The task:
Pictures aside, print all of the data below exactly as written.

Source data:
-*-

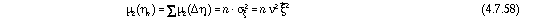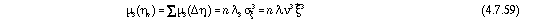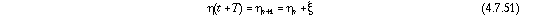 Согласно гипотезе Палмгрена-Майнера, вклад xi не зависит от предыдущих вкладов, так, что n и xi статистически независимы. В связи с этим, характеристические функции перемножаются, как это установлено правилом C в главе 2.4.2(iii). Т.к. эти функции уже определны в выражениях (4.7.50) и (4.7.47) соответственно, то характеристической функцией для распределения вероятностей в момент времени t+T будет
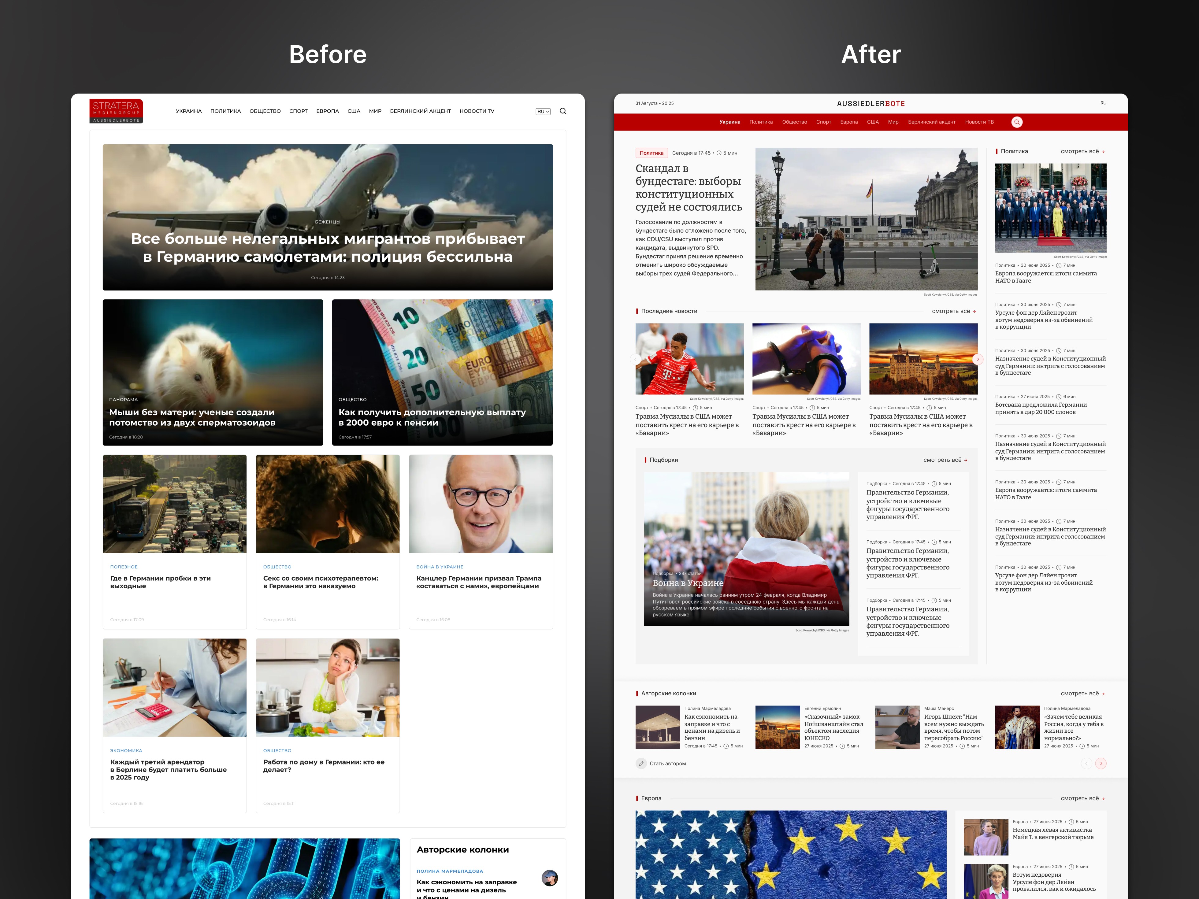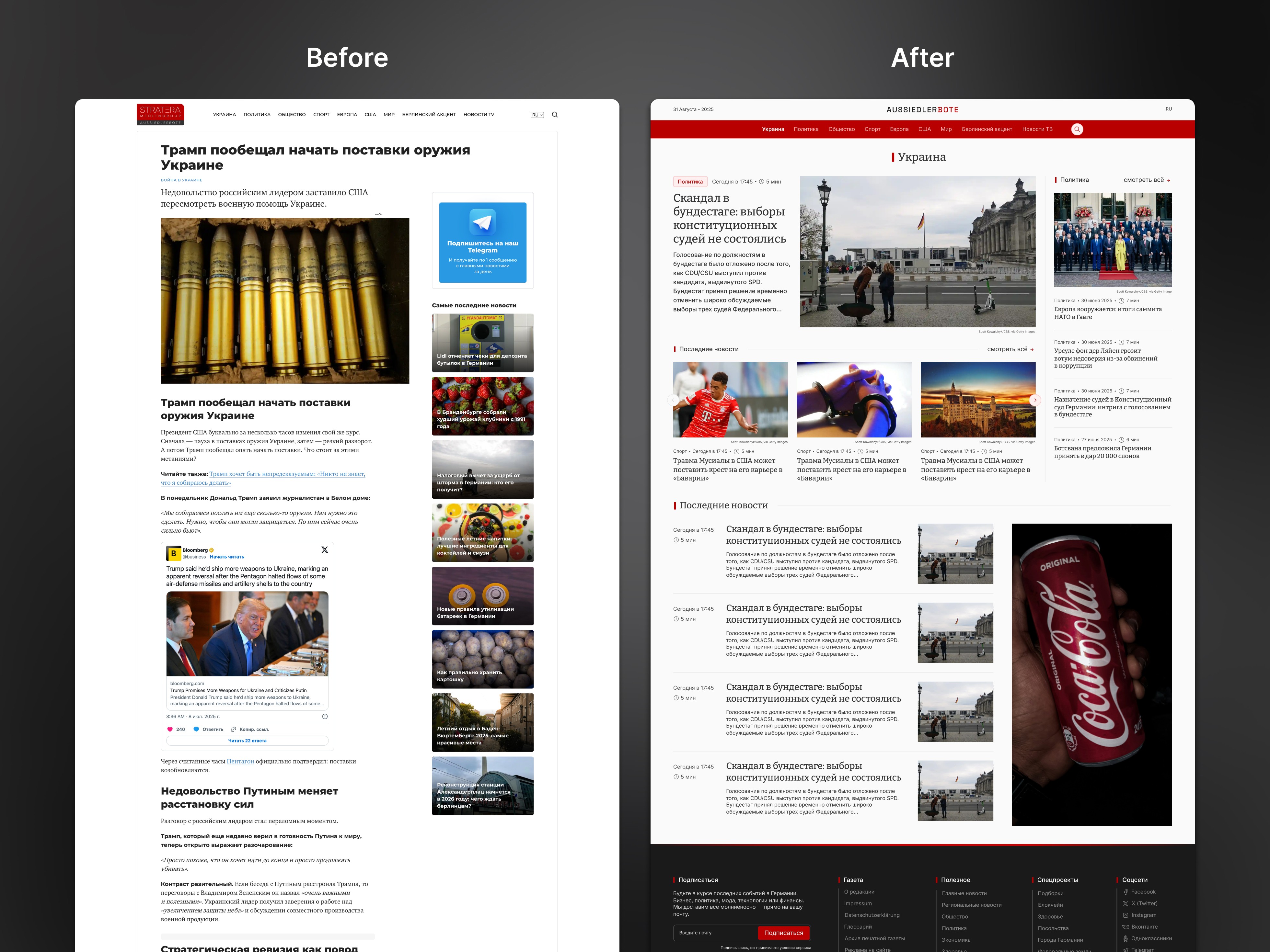 AussiedlerBote is a digital news platform covering German politics, immigration, and social issues. I was responsible for a full redesign of the website, from homepage and article layout to typography, spacing, and ad placements.
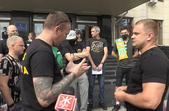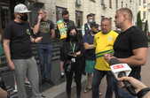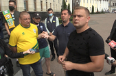 «Хочу, щоб ви дещо зрозуміли. Тут зараз вболівальники житомирського «Полісся». Вони займають нейтральну позицію щодо вас, щодо директора клубу. Нам ваші перепалки нецікаві взагалі. Ми вболіваємо за футбольний клуб «Полісся». Більше половини з нас були АТО, воювали, у нас є троє вболівальників, які загинули. І «Полісся» у нас в серці. І якщо ви не зможете в правовому полі, не в правовому полі, будуть на вас тиснути, чи не будуть на вас тиснути, і ви не зможете домовитись, щоб футбольна команда, клуб міг нормально функціонувати і працювати, то ми будемо по-іншому діяти. Колись ми в сміттєвих баках вас возили. Мабуть, доведеться знову починати це робити. Ми вас просимо, візьміть, без скандалів нормально домовтесь», - каже вболівальник житомирського «Полісся» Олексій Сорокопуд.
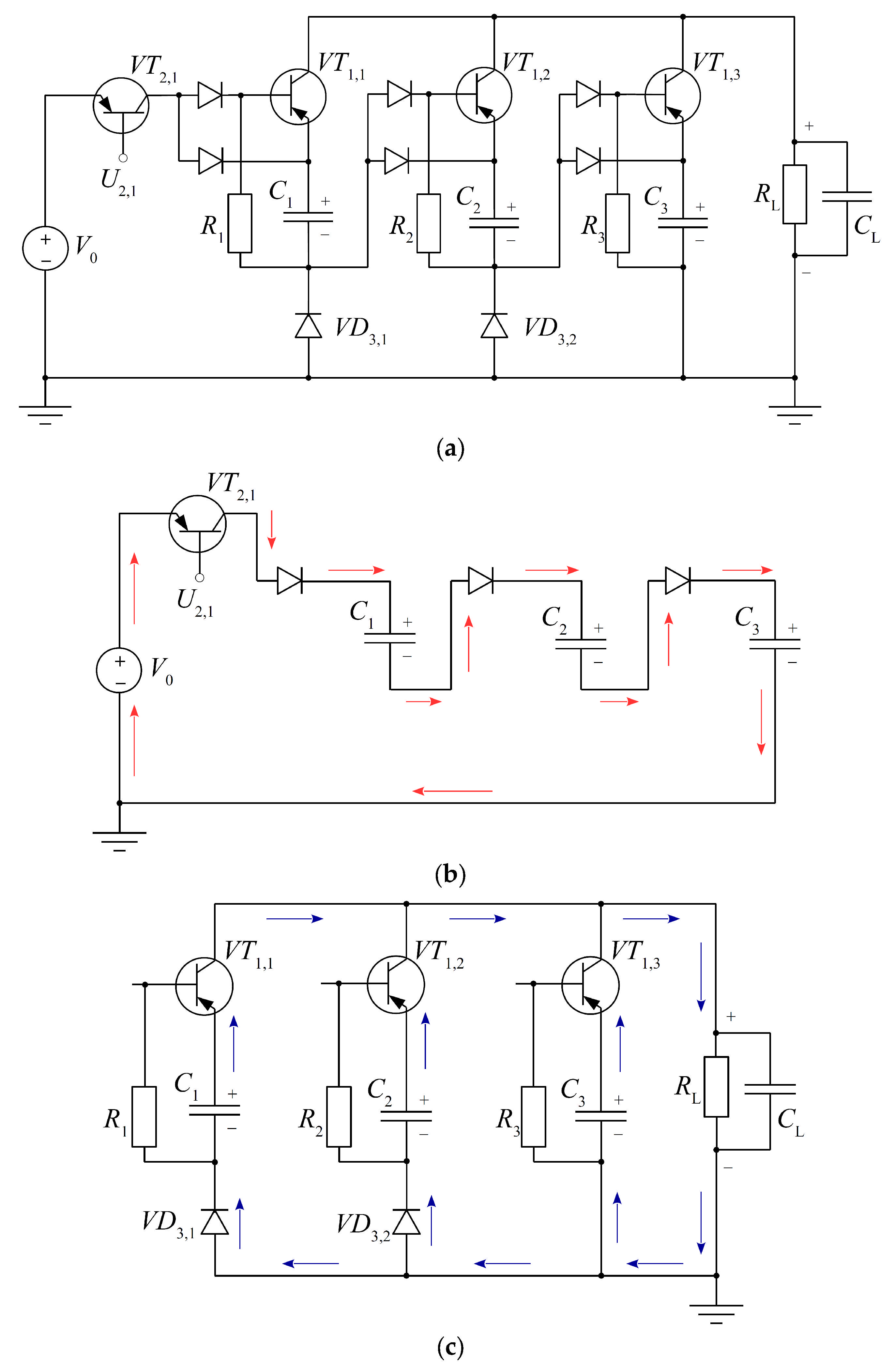 2. Analysis of the Voltage Divider Operation with Transistor–Diode Commutation of Capacitors

-*-

Written response:
 Согласно гипотезе Палмгрена-Майнера, вклад xi не зависит от предыдущих вкладов, так, что n и xi статистически независимы. В связи с этим, характеристические функции перемножаются, как это установлено правилом C в главе 2.4.2(iii). Т.к. эти функции уже определны в выражениях (4.7.50) и (4.7.47) соответственно, то характеристической функцией для распределения вероятностей в момент времени t+T будет
 AussiedlerBote is a digital news platform covering German politics, immigration, and social issues. I was responsible for a full redesign of the website, from homepage and article layout to typography, spacing, and ad placements.
 «Хочу, щоб ви дещо зрозуміли. Тут зараз вболівальники житомирського «Полісся». Вони займають нейтральну позицію щодо вас, щодо директора клубу. Нам ваші перепалки нецікаві взагалі. Ми вболіваємо за футбольний клуб «Полісся». Більше половини з нас були АТО, воювали, у нас є троє вболівальників, які загинули. І «Полісся» у нас в серці. І якщо ви не зможете в правовому полі, не в правовому полі, будуть на вас тиснути, чи не будуть на вас тиснути, і ви не зможете домовитись, щоб футбольна команда, клуб міг нормально функціонувати і працювати, то ми будемо по-іншому діяти. Колись ми в сміттєвих баках вас возили. Мабуть, доведеться знову починати це робити. Ми вас просимо, візьміть, без скандалів нормально домовтесь», - каже вболівальник житомирського «Полісся» Олексій Сорокопуд.
 2. Analysis of the Voltage Divider Operation with Transistor–Diode Commutation of Capacitors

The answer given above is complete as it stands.